The output from this view consists of two parts. The first part displays the test statistics and associated probability values.
Here, we show the output from a test for normality where both the mean and the variance are estimated from the series data. The first column, “Value”, reports the asymptotic test statistics while the second column, “Adj. Value”, reports test statistics that have a finite sample correction or adjusted for parameter uncertainty (in case the parameters are estimated). The third column reports p-value for the adjusted statistics.
All of the reported EViews p-values will account for the fact that parameters in the distribution have been estimated. In cases where estimation of parameters is involved, the distributions of the goodness-of-fit statistics are non-standard and distribution dependent, so that EViews may report a subset of tests and/or only a range of p-value. In this case, for example, EViews reports the Lilliefors test statistic instead of the Kolmogorov statistic since the parameters of the normal have been estimated. Details on the computation of the test statistics and the associated p-values may be found in Anderson and Darling (1952, 1954), Lewis (1961), Durbin (1970), Dallal and Wilkinson (1986), Davis and Stephens (1989), Csörgö and Faraway (1996) and Stephens (1986).

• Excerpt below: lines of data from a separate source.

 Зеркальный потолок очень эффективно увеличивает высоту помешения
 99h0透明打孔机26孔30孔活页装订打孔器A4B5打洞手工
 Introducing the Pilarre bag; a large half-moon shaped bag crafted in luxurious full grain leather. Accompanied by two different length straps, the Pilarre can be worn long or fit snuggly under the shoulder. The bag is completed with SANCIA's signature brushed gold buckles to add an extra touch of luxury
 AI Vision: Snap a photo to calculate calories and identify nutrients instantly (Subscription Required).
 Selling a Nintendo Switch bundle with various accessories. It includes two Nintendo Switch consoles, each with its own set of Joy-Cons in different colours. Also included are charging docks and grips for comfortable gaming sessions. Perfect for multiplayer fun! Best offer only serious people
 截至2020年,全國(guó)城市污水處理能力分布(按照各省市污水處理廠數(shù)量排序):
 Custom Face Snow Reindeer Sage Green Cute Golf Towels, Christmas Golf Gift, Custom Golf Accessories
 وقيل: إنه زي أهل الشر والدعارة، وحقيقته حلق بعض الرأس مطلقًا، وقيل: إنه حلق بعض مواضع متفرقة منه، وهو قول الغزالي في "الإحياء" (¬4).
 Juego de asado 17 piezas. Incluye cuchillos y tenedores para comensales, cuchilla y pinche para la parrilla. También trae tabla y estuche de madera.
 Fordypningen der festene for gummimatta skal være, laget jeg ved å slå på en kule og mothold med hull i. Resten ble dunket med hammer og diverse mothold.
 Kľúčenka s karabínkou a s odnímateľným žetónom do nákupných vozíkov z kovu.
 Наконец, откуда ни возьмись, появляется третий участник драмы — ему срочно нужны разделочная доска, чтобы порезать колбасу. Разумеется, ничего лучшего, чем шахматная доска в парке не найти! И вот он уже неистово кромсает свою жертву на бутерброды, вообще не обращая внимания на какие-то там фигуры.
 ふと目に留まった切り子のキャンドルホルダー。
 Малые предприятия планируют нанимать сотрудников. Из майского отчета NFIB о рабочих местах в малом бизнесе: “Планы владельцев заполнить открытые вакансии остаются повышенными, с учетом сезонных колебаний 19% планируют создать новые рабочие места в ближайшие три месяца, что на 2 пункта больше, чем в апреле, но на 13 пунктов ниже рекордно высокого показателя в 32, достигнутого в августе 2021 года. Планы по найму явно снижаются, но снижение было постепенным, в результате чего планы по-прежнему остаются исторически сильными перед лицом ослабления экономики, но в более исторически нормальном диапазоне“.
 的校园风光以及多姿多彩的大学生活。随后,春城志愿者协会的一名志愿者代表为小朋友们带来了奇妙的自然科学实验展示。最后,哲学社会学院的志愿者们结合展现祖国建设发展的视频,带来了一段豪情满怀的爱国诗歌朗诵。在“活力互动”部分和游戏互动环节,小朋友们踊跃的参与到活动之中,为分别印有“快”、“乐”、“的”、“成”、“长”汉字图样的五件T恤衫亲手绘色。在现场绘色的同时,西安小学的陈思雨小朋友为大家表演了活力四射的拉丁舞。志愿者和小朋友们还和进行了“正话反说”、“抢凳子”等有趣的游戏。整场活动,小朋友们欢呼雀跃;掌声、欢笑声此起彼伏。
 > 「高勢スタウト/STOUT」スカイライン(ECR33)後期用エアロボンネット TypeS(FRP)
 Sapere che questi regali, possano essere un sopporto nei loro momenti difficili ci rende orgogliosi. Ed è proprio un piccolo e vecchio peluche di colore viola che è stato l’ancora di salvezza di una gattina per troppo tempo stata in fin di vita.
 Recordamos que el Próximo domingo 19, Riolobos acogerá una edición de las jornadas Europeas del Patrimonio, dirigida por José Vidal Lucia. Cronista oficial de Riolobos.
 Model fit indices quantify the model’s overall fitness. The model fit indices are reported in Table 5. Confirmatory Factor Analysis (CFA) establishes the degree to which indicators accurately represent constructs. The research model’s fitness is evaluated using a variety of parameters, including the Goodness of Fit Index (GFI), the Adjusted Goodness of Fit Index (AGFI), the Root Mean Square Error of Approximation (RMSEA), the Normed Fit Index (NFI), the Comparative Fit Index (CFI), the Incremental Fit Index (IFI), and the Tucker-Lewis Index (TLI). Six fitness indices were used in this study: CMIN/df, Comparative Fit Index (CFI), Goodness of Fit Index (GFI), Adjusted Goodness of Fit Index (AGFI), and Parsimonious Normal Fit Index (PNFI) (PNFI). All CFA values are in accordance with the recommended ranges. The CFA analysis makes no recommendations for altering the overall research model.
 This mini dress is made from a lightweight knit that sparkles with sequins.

The second part of the output table displays the parameter values used to compute the theoretical distribution function. Any parameters that are specified to estimate are estimated by maximum likelihood (for the normal distribution, the ML estimate of the standard deviation is subsequently degree of freedom corrected if the mean is not specified a priori). For parameters that do not have a closed form analytic solution, the likelihood function is maximized using analytic first and second derivatives. These estimated parameters are reported with a standard error and p-value based on the asymptotic normal distribution.